Tell me a story! Part 2 - Love stories
28/07/08 15:01 Filed in: Psychology of Love | Healing stories
Moving away from grand theory and back to psychology, I have been interested in the power of stories for a long time.
Most recently, I have been talking to other storywriters and to people who have spent much time in writing journals about painful or difficult experiences on-line as blogs to share with others. I have also talked to people who kept journals, or simply used writing as a means to express difficulties or come to terms with trauma.
Before that I had been considering the work of Robert Sternberg, who wrote the book, “Love is a story”.
Sternberg’s work interested me particularly as it was a dramatic departure from normal psychology methods.
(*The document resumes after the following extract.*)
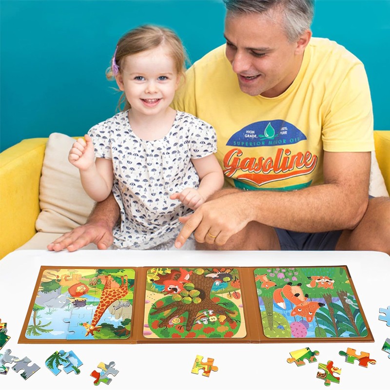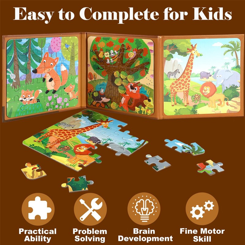• This toddler puzzles set includes 3 sets of magnet puzzles with increasing difficulty level.

Traditional psychologists have tended to frame their questions, and establish empirical research that they tested for statistical validity, and used subsequently to formulate the premises of their arguments.
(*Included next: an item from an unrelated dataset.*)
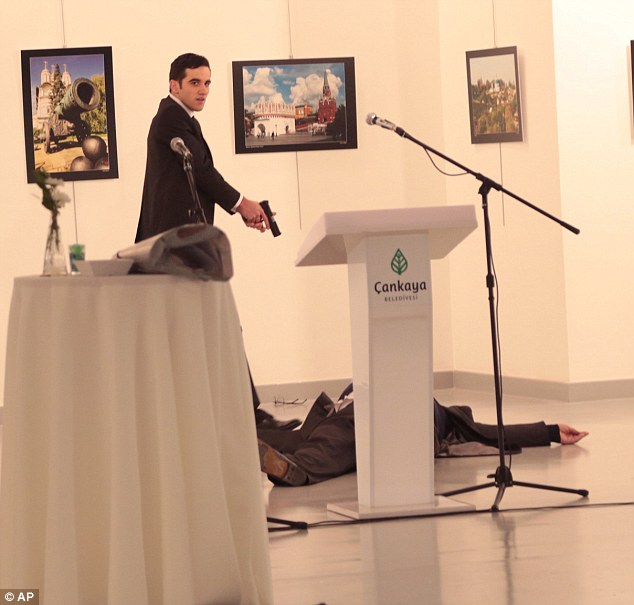وعن الرصاصات التي استقرت في جسد السفير أشارت صحيفة 'هارييت' نقلاً عن مصادر أمنية أن 9 طلقات من أصل الـ11 التي أطلقها القاتل، أصابت السفير الروسي أثناء إلقائه كلمته في افتتاح معرض الصور الفوتوغرافية.

There are all sorts of problems with empirical research, a lot of which have to do with the propensity of the respondents to answer questions in terms of what they feel the right answers to be in accordance with social, cultural, religious, family and other personal norms, pressures and expectations.
I believe that Sternberg used an empirical approach, but it was not his starting point.
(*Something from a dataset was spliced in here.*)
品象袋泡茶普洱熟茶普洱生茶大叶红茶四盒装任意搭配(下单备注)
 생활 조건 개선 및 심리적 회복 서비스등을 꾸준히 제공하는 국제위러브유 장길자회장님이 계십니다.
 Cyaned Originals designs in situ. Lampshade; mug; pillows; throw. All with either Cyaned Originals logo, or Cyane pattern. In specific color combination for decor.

We are not born with knowledge of what love is, what it means, how to love and how to sustain love successfully.
We learn about it. At a very early age, we learn about it unconsciously from our experience of our parents, people with whom we come into contact, physical and tactile experience, and basic physical and social interaction with others. A little later we start to absorb other images from books, films, television, kindergarten, school and every other source of emotional and social experience.
Sternberg argues, and I have some affinity with his views, that, based on these early experiences, we assemble our views about love as forms of narrative systems, as stories, which we enact in our later lives. Thus compatibility becomes a matter of finding someone with a story that might live comfortably alongside our own.
In Sternberg’s work, for example, we have “garden” stories, where the emphasis is on planting, nurturing and growing. That’s a tender narrative, although it may be a little low on excitement for some.
We have a travel story where life is a journey, a never-ending movement of discovery. The destination is less important since the person gets their emotional sustenance from the journey itself. In terms of the twenty-five or so stories, that Sternberg cites, I find this one, possibly, one of the more attractive (for me).
There’s the war story where partners remain permanently in conflict, but nevertheless, to the astonishment of observers, stay in the relationship. Perhaps the war relationship is portrayed well in the play, “Who’s afraid of Virginia Woolf?”
Where I might differ from Sternberg is that he argues the case that only experts like himself might interpret the stories that people have within them of which they are largely unconscious.
I’m not sure whether I believe that these stories are so unconscious, nor if they need the intercession of an expert to understand them.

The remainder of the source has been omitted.